* **ACTIVITY**: Pictures stay out, but every line of the data is copied exactly.

* **SUPPLIED DATA**:
————
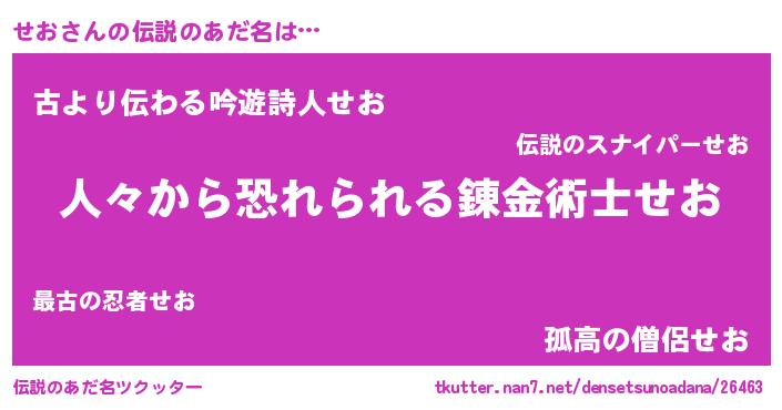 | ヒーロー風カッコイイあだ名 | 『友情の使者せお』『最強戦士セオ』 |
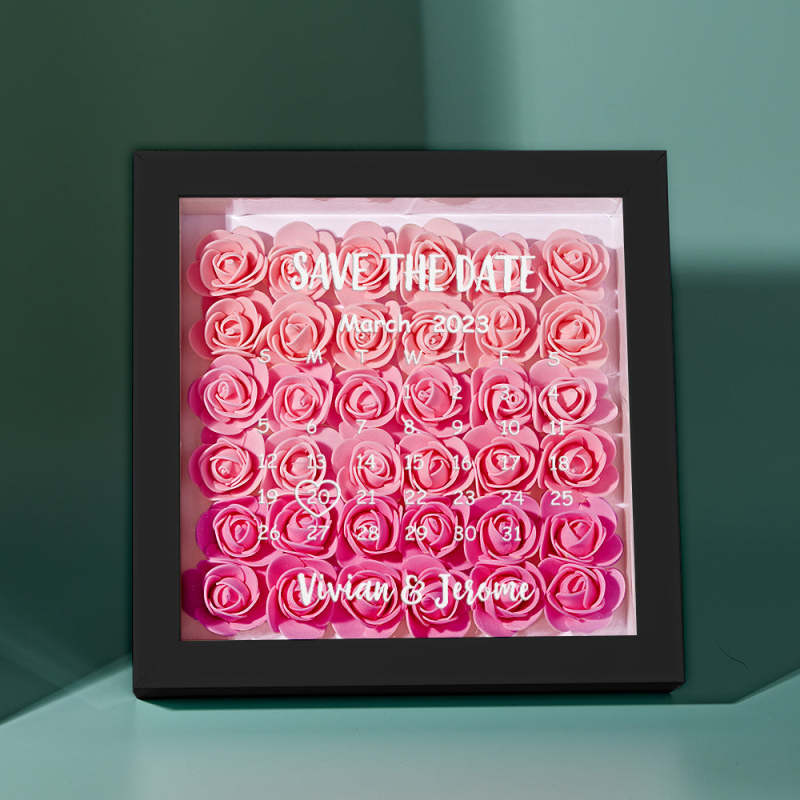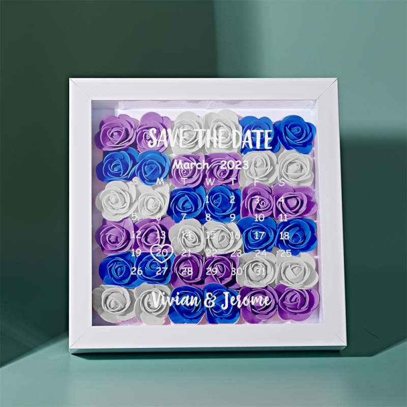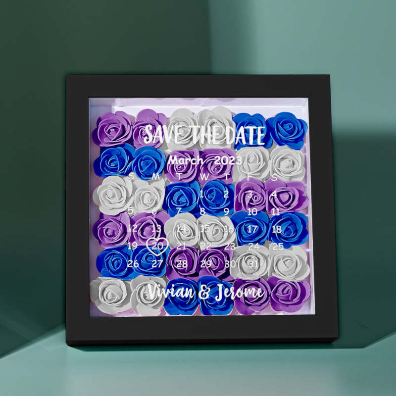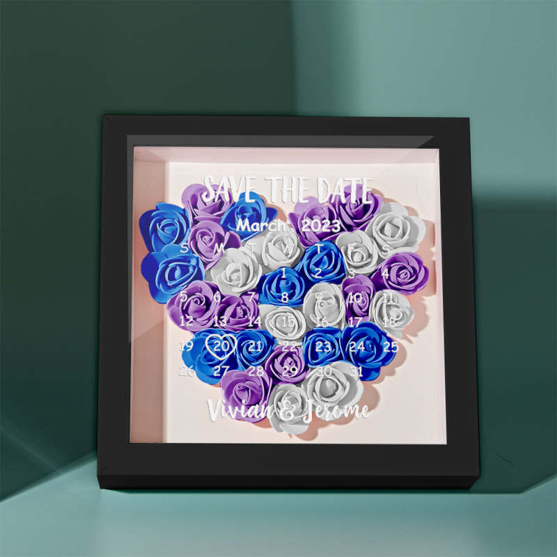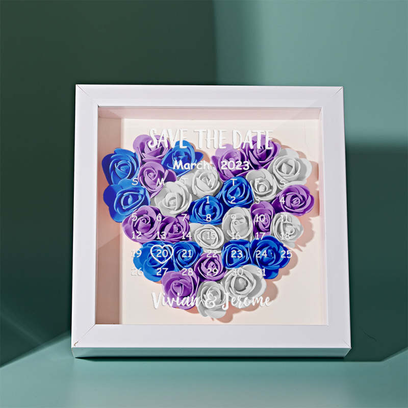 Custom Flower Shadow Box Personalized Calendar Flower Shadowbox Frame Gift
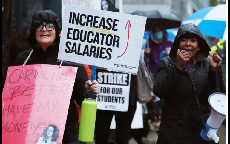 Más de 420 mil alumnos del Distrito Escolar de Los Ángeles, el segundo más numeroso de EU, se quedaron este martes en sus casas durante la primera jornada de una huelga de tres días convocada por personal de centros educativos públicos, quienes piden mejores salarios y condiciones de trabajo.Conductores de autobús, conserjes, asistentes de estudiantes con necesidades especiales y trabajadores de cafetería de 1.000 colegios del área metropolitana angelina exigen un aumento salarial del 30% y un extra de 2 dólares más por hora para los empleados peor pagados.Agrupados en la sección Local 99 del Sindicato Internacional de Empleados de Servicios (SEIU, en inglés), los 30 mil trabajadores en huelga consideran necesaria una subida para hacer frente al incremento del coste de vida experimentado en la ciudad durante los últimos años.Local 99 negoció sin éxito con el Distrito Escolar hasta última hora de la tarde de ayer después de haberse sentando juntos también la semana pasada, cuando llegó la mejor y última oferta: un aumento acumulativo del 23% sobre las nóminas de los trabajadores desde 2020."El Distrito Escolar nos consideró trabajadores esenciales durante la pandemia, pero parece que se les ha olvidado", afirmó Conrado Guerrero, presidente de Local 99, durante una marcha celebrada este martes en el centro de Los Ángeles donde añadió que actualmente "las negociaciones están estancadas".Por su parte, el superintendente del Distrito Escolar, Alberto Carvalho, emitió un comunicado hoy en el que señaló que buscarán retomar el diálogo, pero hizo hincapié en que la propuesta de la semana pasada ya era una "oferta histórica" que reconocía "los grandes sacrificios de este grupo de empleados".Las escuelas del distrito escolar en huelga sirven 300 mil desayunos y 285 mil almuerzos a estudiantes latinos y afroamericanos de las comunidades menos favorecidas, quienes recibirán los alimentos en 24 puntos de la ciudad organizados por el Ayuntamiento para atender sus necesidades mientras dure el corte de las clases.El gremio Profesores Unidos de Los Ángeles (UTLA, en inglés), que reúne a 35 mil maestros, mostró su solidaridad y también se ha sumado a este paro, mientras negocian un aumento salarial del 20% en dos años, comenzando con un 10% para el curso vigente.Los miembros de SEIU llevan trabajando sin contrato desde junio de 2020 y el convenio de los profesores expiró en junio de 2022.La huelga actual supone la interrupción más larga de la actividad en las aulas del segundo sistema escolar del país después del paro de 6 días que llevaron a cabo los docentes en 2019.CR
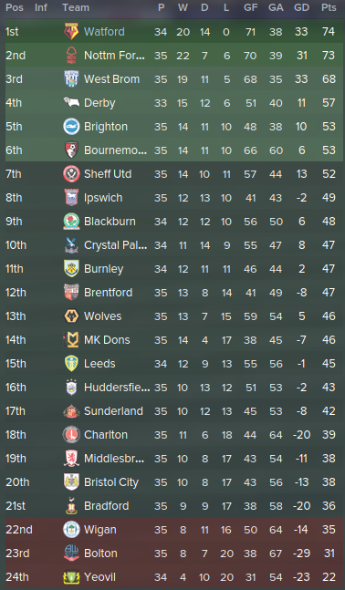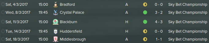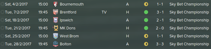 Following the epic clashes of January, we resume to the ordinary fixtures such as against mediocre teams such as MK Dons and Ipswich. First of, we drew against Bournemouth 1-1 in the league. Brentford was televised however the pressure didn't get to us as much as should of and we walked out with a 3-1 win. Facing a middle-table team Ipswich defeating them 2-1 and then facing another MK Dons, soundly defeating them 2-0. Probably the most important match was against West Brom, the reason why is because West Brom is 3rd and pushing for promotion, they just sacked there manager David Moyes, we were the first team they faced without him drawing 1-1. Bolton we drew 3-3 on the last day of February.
————
* **ANSWER BOX**:
 | ヒーロー風カッコイイあだ名 | 『友情の使者せお』『最強戦士セオ』 |
 Custom Flower Shadow Box Personalized Calendar Flower Shadowbox Frame Gift
 Más de 420 mil alumnos del Distrito Escolar de Los Ángeles, el segundo más numeroso de EU, se quedaron este martes en sus casas durante la primera jornada de una huelga de tres días convocada por personal de centros educativos públicos, quienes piden mejores salarios y condiciones de trabajo.Conductores de autobús, conserjes, asistentes de estudiantes con necesidades especiales y trabajadores de cafetería de 1.000 colegios del área metropolitana angelina exigen un aumento salarial del 30% y un extra de 2 dólares más por hora para los empleados peor pagados.Agrupados en la sección Local 99 del Sindicato Internacional de Empleados de Servicios (SEIU, en inglés), los 30 mil trabajadores en huelga consideran necesaria una subida para hacer frente al incremento del coste de vida experimentado en la ciudad durante los últimos años.Local 99 negoció sin éxito con el Distrito Escolar hasta última hora de la tarde de ayer después de haberse sentando juntos también la semana pasada, cuando llegó la mejor y última oferta: un aumento acumulativo del 23% sobre las nóminas de los trabajadores desde 2020."El Distrito Escolar nos consideró trabajadores esenciales durante la pandemia, pero parece que se les ha olvidado", afirmó Conrado Guerrero, presidente de Local 99, durante una marcha celebrada este martes en el centro de Los Ángeles donde añadió que actualmente "las negociaciones están estancadas".Por su parte, el superintendente del Distrito Escolar, Alberto Carvalho, emitió un comunicado hoy en el que señaló que buscarán retomar el diálogo, pero hizo hincapié en que la propuesta de la semana pasada ya era una "oferta histórica" que reconocía "los grandes sacrificios de este grupo de empleados".Las escuelas del distrito escolar en huelga sirven 300 mil desayunos y 285 mil almuerzos a estudiantes latinos y afroamericanos de las comunidades menos favorecidas, quienes recibirán los alimentos en 24 puntos de la ciudad organizados por el Ayuntamiento para atender sus necesidades mientras dure el corte de las clases.El gremio Profesores Unidos de Los Ángeles (UTLA, en inglés), que reúne a 35 mil maestros, mostró su solidaridad y también se ha sumado a este paro, mientras negocian un aumento salarial del 20% en dos años, comenzando con un 10% para el curso vigente.Los miembros de SEIU llevan trabajando sin contrato desde junio de 2020 y el convenio de los profesores expiró en junio de 2022.La huelga actual supone la interrupción más larga de la actividad en las aulas del segundo sistema escolar del país después del paro de 6 días que llevaron a cabo los docentes en 2019.CR
 Following the epic clashes of January, we resume to the ordinary fixtures such as against mediocre teams such as MK Dons and Ipswich. First of, we drew against Bournemouth 1-1 in the league. Brentford was televised however the pressure didn't get to us as much as should of and we walked out with a 3-1 win. Facing a middle-table team Ipswich defeating them 2-1 and then facing another MK Dons, soundly defeating them 2-0. Probably the most important match was against West Brom, the reason why is because West Brom is 3rd and pushing for promotion, they just sacked there manager David Moyes, we were the first team they faced without him drawing 1-1. Bolton we drew 3-3 on the last day of February.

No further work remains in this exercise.